Did you send those messages concurrently, or one after the other?

If you care about scalability, simple sequential tests aren't going to
tell you much.  You'll want to construct a test where you measure how
the response time varies as you increase the load, preferably from a
number of clients.

But then you say that you're interested in all processes being on the
same machine, which implies that you don't in fact care about scaling
beyond, well, one.  So what exactly are your requirements when you say
you are interested in "performance and scalability"?

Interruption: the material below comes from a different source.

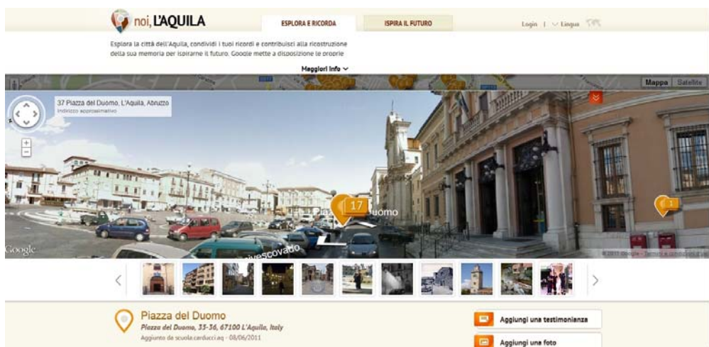
Figure 5. A 360 degrees visualization of the Duomo of L'Aquila with UGC posted on Google Street View.

Google, which has donated the project to the City of L'Aquila and to the ANFE, has provided the city and its inhabitants its technology, facilitating the collection and creation of stories, memories, videos and photos provided and shared by users (Figure 6), for preserving memory of L'Aquila and its significant artistic and cultural heritage through geo-tagged data. This idea, that is a wonderful example of geo-social digital tagging with user generated contents, useful to write “stories on geographies” (Bonacini, 2013), is also a real pilot project that Google intends to make available to all communities of the world affected by natural disasters. Japan, for example, is already among the first countries to have implemented it.

What characteristics do you expect the inter process communication in
the application you're planning to write to have?


-- 
Ian Griffiths
DevelopMentor

-----Original Message-----
From: wycklk [mailto:[EMAIL PROTECTED] 

I wrote 2 processes running on the same machine. Each process
communicates with each other by sending 200 messages with a size
of 1024 bytes. I got the following result for each IPC methods:

TCP Socket: 10ms
Remoting:   100ms (TCP channel, binary format serialization)
System.Messaging: 40ms (Express mode, XML format serialization)
System.Messaging: 20ms (Express mode, Binary format serialization)

The purpose of this experiment is to find out what is best IPC
methods in terms of performance and scalability, if all my processes
run on the same machine.

For remoting, I use Singleton object call to pass the 1024 bytes data.
For System.Messaging, I send and receive 100 messages from the same
program.

Anybody to share similar experience ?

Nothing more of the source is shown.